Отсутствие черновиков и первых редакций пьесы-комедии «Горе от ума» говорит о том, что Грибоедов произведения свои сначала слагал в голове, держал их в уникальной памяти и постоянно их повторял мысленно, совершенствуя при этом строки и целые сцены. В период написания «Горя от ума» А.С. Грибоедов делился своими мыслями с князем Владимиром Одоевским, с которым познакомился в Москве в 1823г. через редакцию журнала «Вестник Европы». Князь занимался литературными трудами и музыкальной критикой и к тому же приходился Грибоедову двоюродным братом. Одоевский искренне восхищался его комедией, о которой писал: «У Грибоедова была такая же метода сочинения: он принимался за перо лишь тогда, когда уже решался больше не переменять. Он мне читал почти все «Горе от ума», когда ещё ни одного стиха не было записано на бумаге, ибо некоторыми сценами он был ещё недоволен…».

Когда Александр Грибоедов закончил комедию «Горе от ума», он решил летом 1824г. представить её в Петербурге баснописцу Ивану Крылову. Несколько часов он читал своё произведение Крылову. Тот молча слушал, а после заявил: «Этого цензоры не пропустят. Они над моими баснями куражатся. А это куда похлеще! В наше время государыня за сию пьесу по первопутку в Сибирь бы препроводила». Во многом слова Крылова оказались пророческими. На просьбу поставить «Горе от ума» в театре Грибоедову отказали, более того — комедию запретили печатать. Пьесу переписывали от руки и тайком передавали из дома в дом. Литературоведы насчитали 45 000 рукописных копий по всей России. Ксенофонт Полевой писал позднее: «Много ли отыщете примеров, чтобы сочинение листов в двенадцать печатных было переписываемо тысячи раз, ибо где и у кого нет рукописного «Горя от ума»? Бывал ли у нас пример ещё более разительный, чтобы рукописное сочинение сделалось достоянием словесности, чтобы о нём судили как о сочинении известном всякому, знали его наизусть…». Так и получилось, что по всей Руси великой «ходили» десятки, если не сотни, вариантов «Горя от ума»: какие-то отражали авторскую задумку, а какие-то были очень далеки от неё. В Москве, в Государственном театральном музее имени Бахрушина имеется рукописный список «Горе от Ума», на заглавном листе которого указано, что окончена комедия «в Тифлисе, в 1822 году». Так, что где и когда была окончена комедия, остаётся под вопросом…

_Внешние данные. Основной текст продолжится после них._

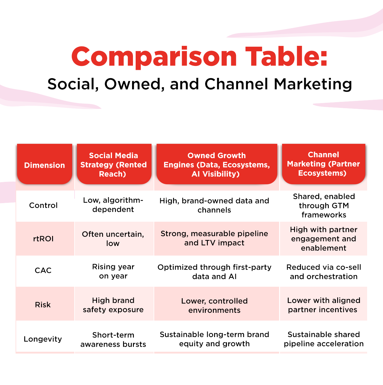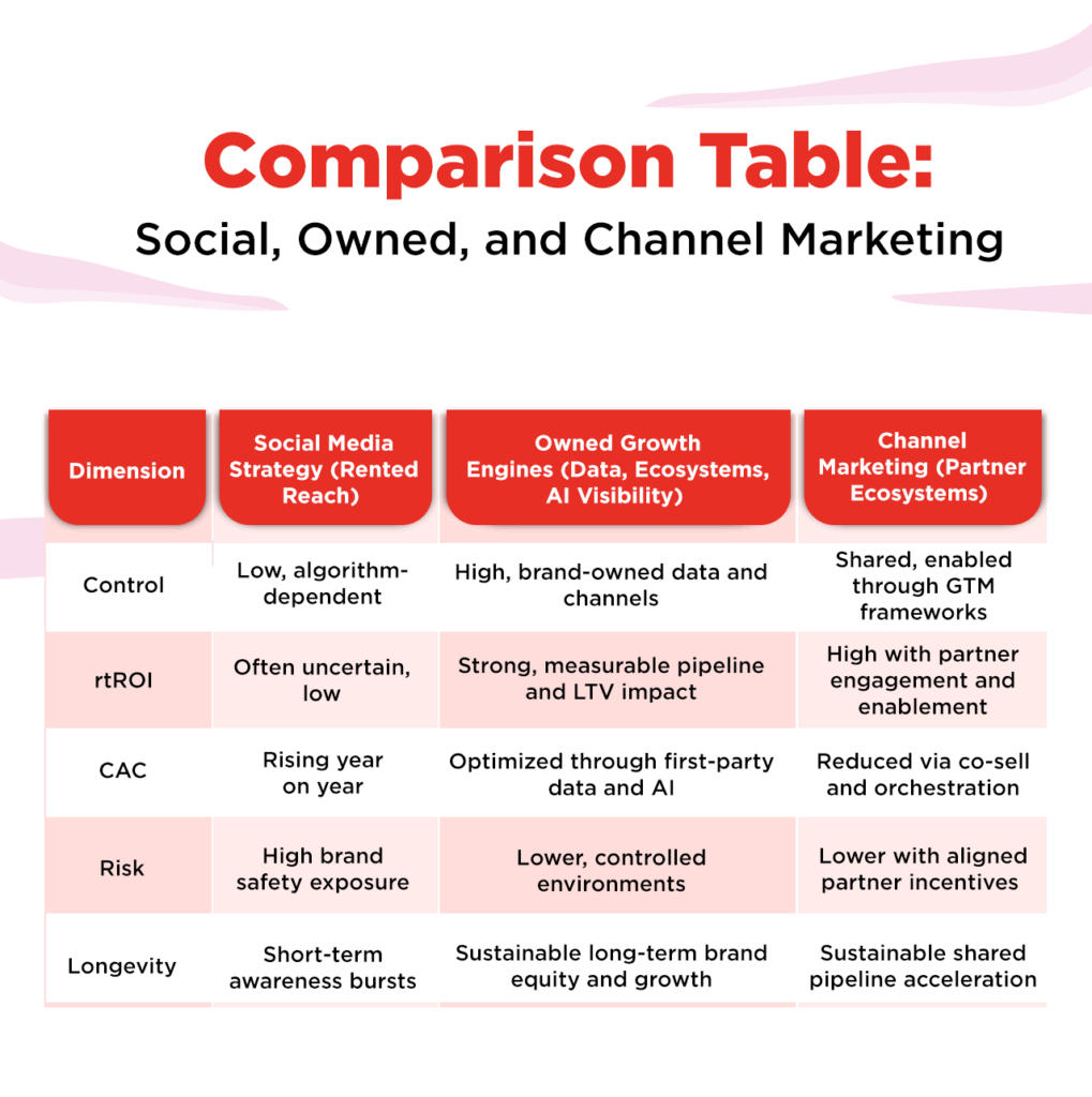 | Dimension | Social Media Strategy (Rented Reach) | Owned Growth Engines (Data, Ecosystems, AI Visibility) | Channel Marketing (Partner Ecosystems) |

В 1966 г. П. С. Краснов, решивший посчитать, сколько всё-таки версий «Горя от ума» — неважно, какого качества появилось почти за полтора столетия, написал: «Только в основных библиотеках и архивах Москвы насчитывается около 300 списков «Горя от ума»… Количество рукописных копий «Горя от ума», созданных до появления печатных изданий, было так велико, что до самого последнего времени списки комедии встречались в антикварной книжной торговле и могли быть приобретаемы». На русском языке комедия «Горе от ума» отдельным изданием впервые была напечатана в 1833 г. в московской типографии Августа Семена (1783-1862) при Императорской медико-хирургической Академии. Текст был значительно сокращён цензурой, «чтоб, как заметил Геpцен, лишить её пpивлекательности запpещённого плода». Полностью «Гоpе от ума» было напечатано в России лишь в 1862 году.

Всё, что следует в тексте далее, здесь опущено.